The strategy has angered some hospitals and providers around the state who aren’t among the state’s list of preferred providers for surgeries. Expanding that same strategy to all types of medical specialists is likely to invite similar reactions. But state leaders say they’re OK with taking the heat from health care executives, since in the end they believe this plan will lower costs for state workers and taxpayers alike.
“There are going to be losers in this transaction,” Friedman said Tuesday. “But it’s not going to be the members of the State Health Plan.”
How it works
The idea is that if, for example, the state would normally pay $30,000 for a procedure but can find someone willing to do it for $15,000, it can afford to erase the thousands of dollars in copays the member might otherwise have to pay — making the procedure free for patients — while still coming out ahead financially.
“The right thing to do is reward the member first, because it is the member who has to make the decision on where to get surgery,” Friedman said. “It’s really complicated and really hard to shop for surgeries when you’re in pain, when you need care. It is a scary, complicated thing. So we need to incentive, reward and support the member when they need health care.”

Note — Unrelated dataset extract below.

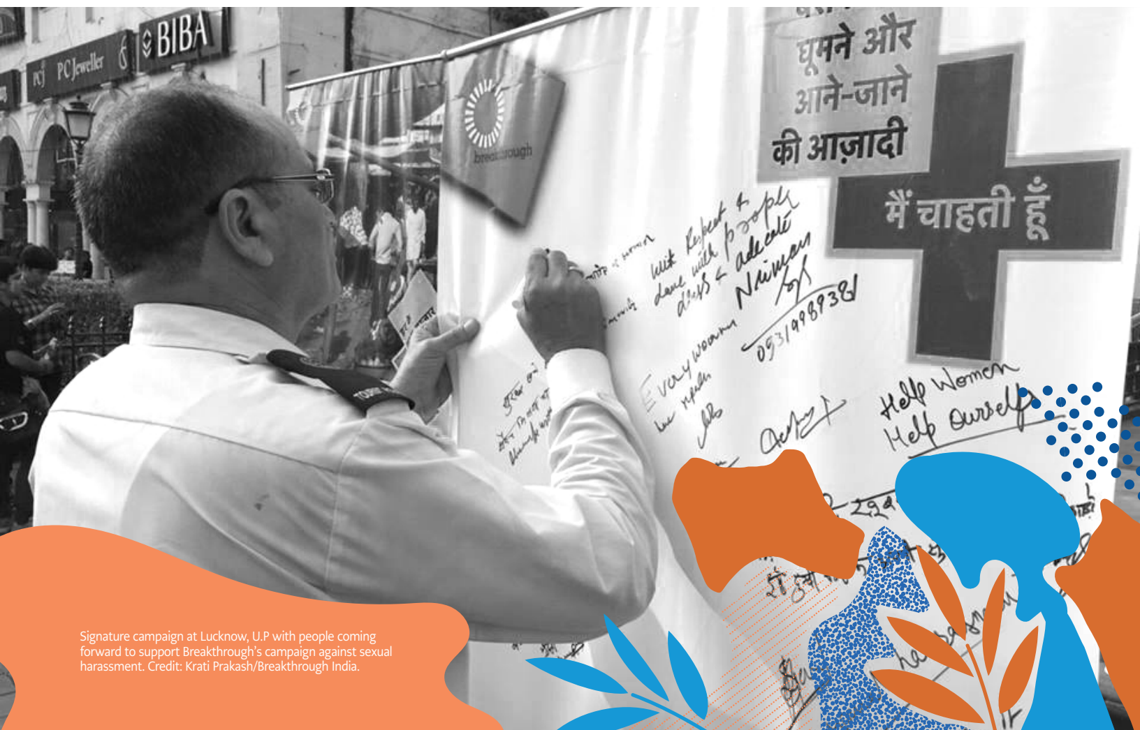
Signature campaign at Lucknow, U.P with people coming forward to support Breakthrough's campaign against sexual harassment.
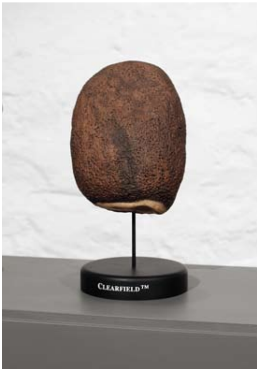
Lab Rats (Clearfield), 2009

Briner said that in addition to helping funnel patients through the doors in those doctors’ offices, the state is also offering automatic preapproval in many circumstances to its preferred providers — an attempt to cut down the amount of time patients and doctors alike spend fighting with insurance to ensure a procedure or medication will be covered.
“We are allowing our providers to actually practice medicine, instead of practicing paperwork,” Briner said. “And in a lot of cases, that allows more access.”
The State Employee Association of North Carolina, which lobbies for state workers, hasn’t embraced the plans to raise costs on state workers but has also acknowledged the financial difficulties the health plan faces, and hasn’t opposed the new strategies being proposed to cut costs.
Suzanne Beasley, a lobbyist for the group, said at Tuesday’s meeting that they’ll keep pushing to see the contracts of providers who work with the health plan — believing that bringing public scrutiny on those costs would help drive down prices.
“SEANC is still holding the position that provider contracts be made public information,” Beasley said. Neither Briner nor any other board members responded.
Many new changes being made
Briner, a Republican who won election in 2024 and has been the state treasurer for slightly more than a year now, has taken drastic steps to reverse policies of former State Treasurer Dale Folwell, another Republican, who had been in office since 2017.
Among those choices was a decision, announced last week, to reopen bidding for North Carolina’s multibillion-dollar State Health Plan contract. Blue Cross NC had run the plan for decades but increasingly feuded with Folwell, who oversaw a switch to Aetna starting in 2025. Another switch could now potentially happen as early as 2028.
A spokesman for CVS, which owns Aetna, told WRAL last week that “we remain committed to improving the overall health and well-being of State Health Plan members.”
Aetna charged the state more than Blue Cross but also offered more in-network providers in urban areas where most state workers live, WRAL reported during the last contract battle. Friedman said Tuesday that providers in just 10 of the state’s 100 counties handled 70% of all State Health Plan visits last year. And in those big urban areas, he said, there’s so much competition that the state has options to pit providers against each other and find savings.
Regardless of which insurance company is in charge of administering the State Health Plan going forward, however, the state should be able to continue pushing forward with this new strategy to align itself with certain providers who promise lower costs.